(Collected data)
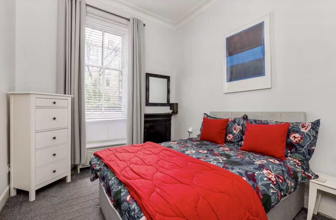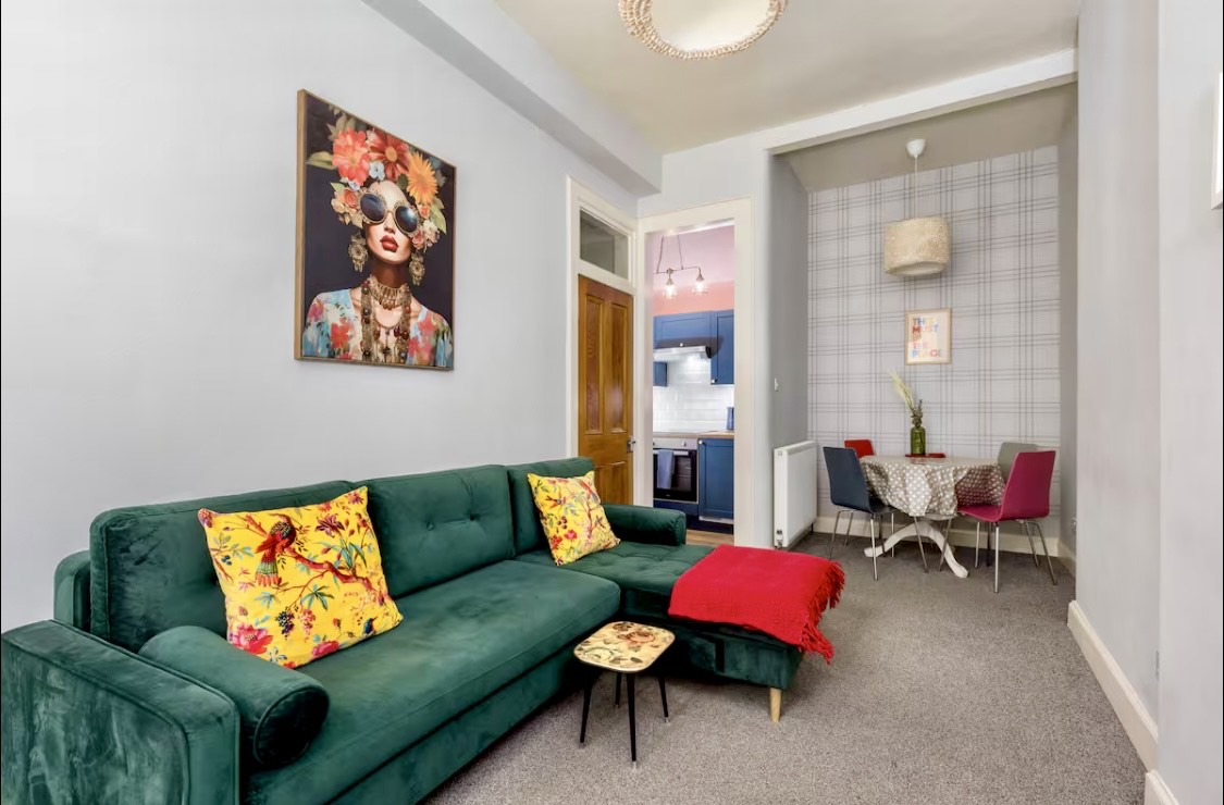 This centrally located one bedroom apartment is beautifully decorated with accents of Scottish charm throughout. Bright and airy open-plan lounge/kitchen/dining room, with the multiple large windows allowing you to look out into the old moss-covered brick buildings Edinburgh is famous for. The large L-shaped couch allows you to sit back and relax or cuddle up and read a book on a rainy day. The kitchen area is fully equipped with everything you will need to cook up a hearty meal on the days you just want to have a night in
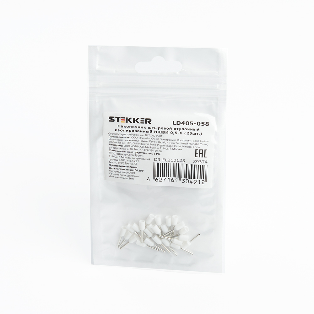 Наконечник штыревой втулочный изолированный (25шт) Stekker LD405-058 39374
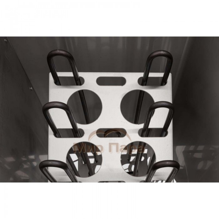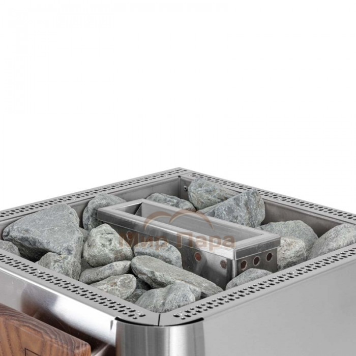 Вертикальные ТЭНы, расположенные практически по всей длине печи, обеспечивают равномерный и глубокий прогрев каменной массы. А возможность загрузки до 100 кг камней позволяет создавать много стабильного тепла и генерировать насыщенный пар.
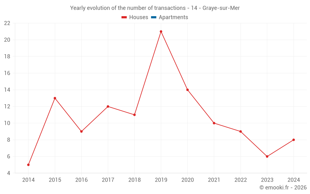 Real estate price map in the municipality of Graye-sur-Mer, choose a section to see transactions by parcel.
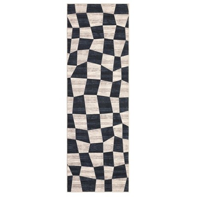 2x6 Modern Geometric Rug, Blue Thin Low-Pile Non-Slip Washable Indoor Carpet for Living Room, Bedroom, Kitchen & Entryway
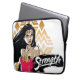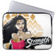 Veja a Mulher Maravilha em frente ao padrão tribal do logotipo com "Força" escrita sobre um traço de pincel pintado.
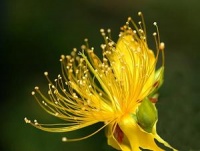 的细毛。花冠钟状,长至3cm,5裂,顶端卷折,表面疏生短柔毛,灰黄色至黄褐色。雄蕊较花冠为长,弯曲,露出花冠外,花药棕黄色,2室,孔裂。商品不带子房,花等及花梗也常除去。气微.味微苦。以花灰黄色、不霉、无其他混杂物为佳。
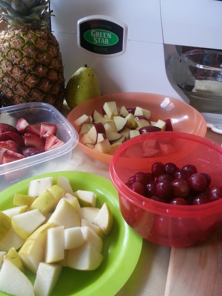 Sinisa went to the store and came back with a variety of fruits. We had grapes, apples, pears, strawberries, raspberries, watermelon, and a pineapple. The juicer came with some recipes but we decided to make our own mixed fruit juice. Sinisa chopped all the fruit up into small pieces.
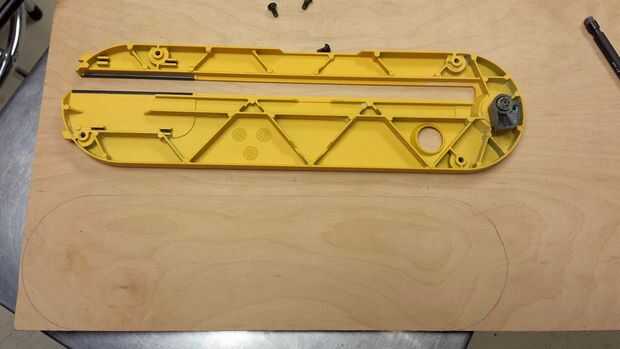 Sierra de mesa cero tolerancia cuchillaComo parte de mi nivel de entrada vio mejoras que necesitaba para hacer una hoja de la tolerancia cero insertar porque era peligroso el inserto plástico que viene con la sierra, el espacio alrededor de la hoja f
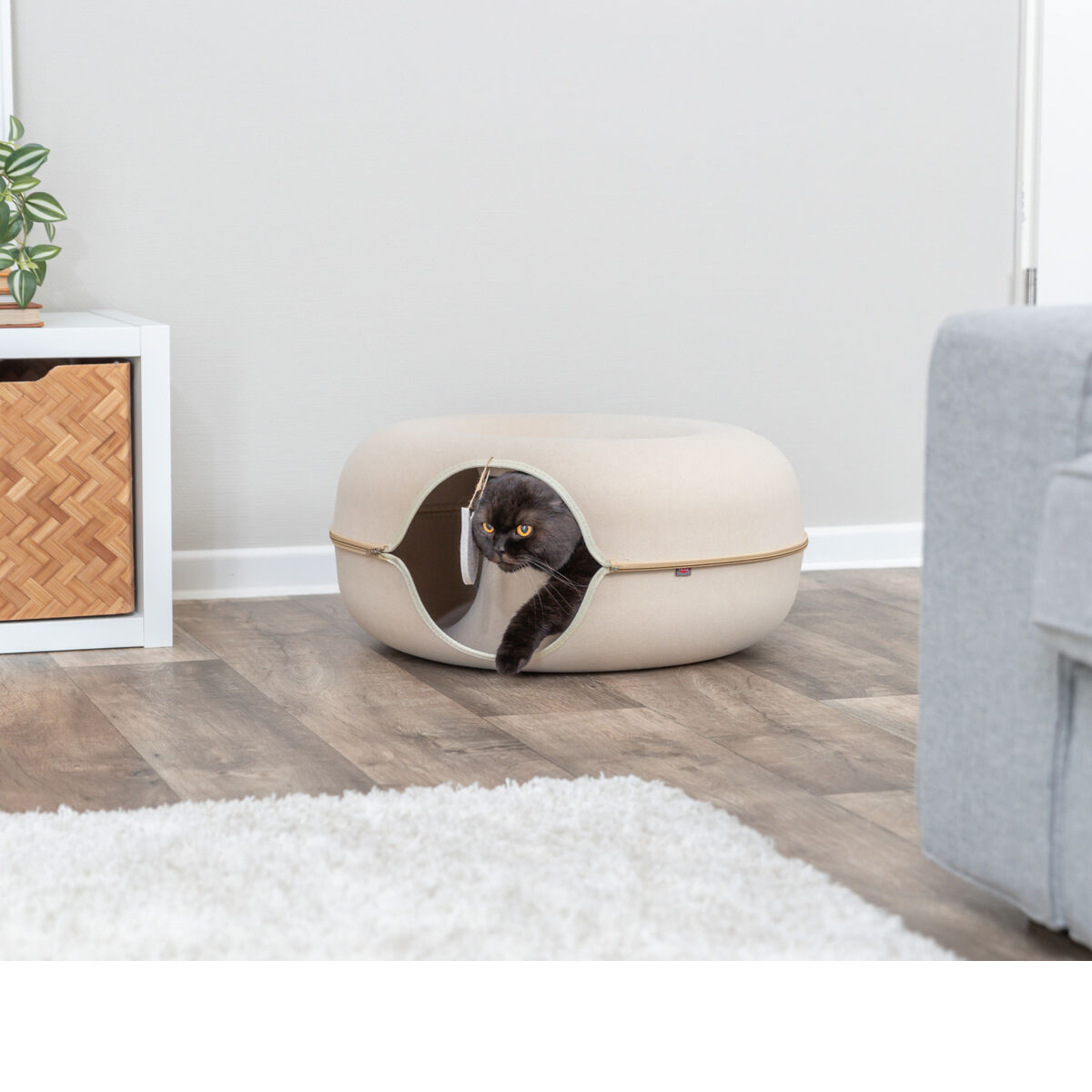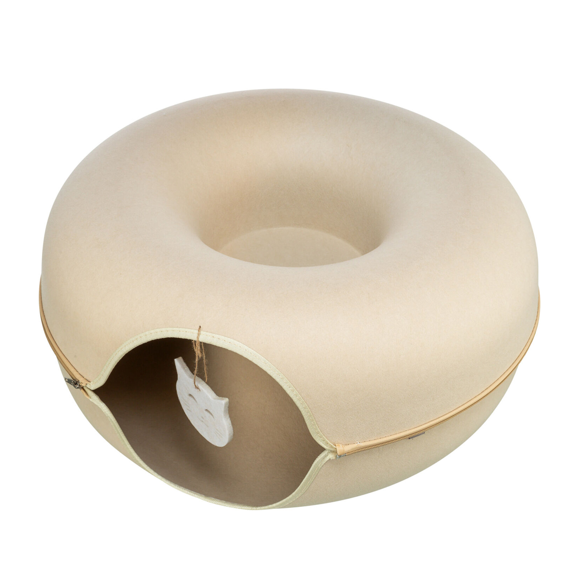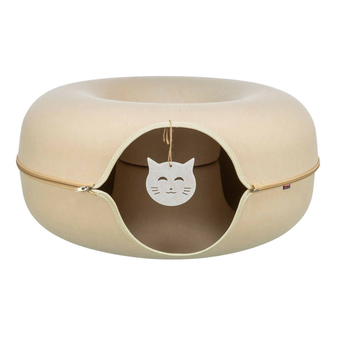 Trixie Cueva Donut de Fieltro a tu gato un refugio acogedor que encaja a la perfección en tu hogar. La forma de fieltro dimensionalmente estable proporciona una agradable estabilidad, mientras que el cojín acolchado con suave funda de felpa invita al gato a acurrucarse en ella.
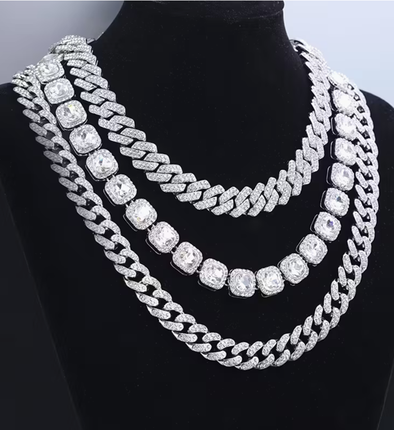 Description Adoptez le look ultime avec ce set exclusif de 3 chaînes cubaines. Conçu pour ceux qui ne veulent faire aucun compromis sur leur style, ce trio offre un jeu de superpositions (layering) parfait sans avoir à chercher l’accord idéal : nous l’avons créé pour vous. Du choker près du cou à la chaîne plus longue et imposante, ce set apporte une dimension de puissance et de luxe à votre silhouette. Portez-les ensemble pour un impact maximal “Iced Out” ou séparément pour une touche de sophistication urbaine plus sobre.

Your objective
Copy the entries exactly. No pictures.

Output for this task
 This centrally located one bedroom apartment is beautifully decorated with accents of Scottish charm throughout. Bright and airy open-plan lounge/kitchen/dining room, with the multiple large windows allowing you to look out into the old moss-covered brick buildings Edinburgh is famous for. The large L-shaped couch allows you to sit back and relax or cuddle up and read a book on a rainy day. The kitchen area is fully equipped with everything you will need to cook up a hearty meal on the days you just want to have a night in
 Наконечник штыревой втулочный изолированный (25шт) Stekker LD405-058 39374
 Вертикальные ТЭНы, расположенные практически по всей длине печи, обеспечивают равномерный и глубокий прогрев каменной массы. А возможность загрузки до 100 кг камней позволяет создавать много стабильного тепла и генерировать насыщенный пар.
 Real estate price map in the municipality of Graye-sur-Mer, choose a section to see transactions by parcel.
 2x6 Modern Geometric Rug, Blue Thin Low-Pile Non-Slip Washable Indoor Carpet for Living Room, Bedroom, Kitchen & Entryway
 Veja a Mulher Maravilha em frente ao padrão tribal do logotipo com "Força" escrita sobre um traço de pincel pintado.
 的细毛。花冠钟状,长至3cm,5裂,顶端卷折,表面疏生短柔毛,灰黄色至黄褐色。雄蕊较花冠为长,弯曲,露出花冠外,花药棕黄色,2室,孔裂。商品不带子房,花等及花梗也常除去。气微.味微苦。以花灰黄色、不霉、无其他混杂物为佳。
 Sinisa went to the store and came back with a variety of fruits. We had grapes, apples, pears, strawberries, raspberries, watermelon, and a pineapple. The juicer came with some recipes but we decided to make our own mixed fruit juice. Sinisa chopped all the fruit up into small pieces.
 Sierra de mesa cero tolerancia cuchillaComo parte de mi nivel de entrada vio mejoras que necesitaba para hacer una hoja de la tolerancia cero insertar porque era peligroso el inserto plástico que viene con la sierra, el espacio alrededor de la hoja f
 Trixie Cueva Donut de Fieltro a tu gato un refugio acogedor que encaja a la perfección en tu hogar. La forma de fieltro dimensionalmente estable proporciona una agradable estabilidad, mientras que el cojín acolchado con suave funda de felpa invita al gato a acurrucarse en ella.
 Description Adoptez le look ultime avec ce set exclusif de 3 chaînes cubaines. Conçu pour ceux qui ne veulent faire aucun compromis sur leur style, ce trio offre un jeu de superpositions (layering) parfait sans avoir à chercher l’accord idéal : nous l’avons créé pour vous. Du choker près du cou à la chaîne plus longue et imposante, ce set apporte une dimension de puissance et de luxe à votre silhouette. Portez-les ensemble pour un impact maximal “Iced Out” ou séparément pour une touche de sophistication urbaine plus sobre.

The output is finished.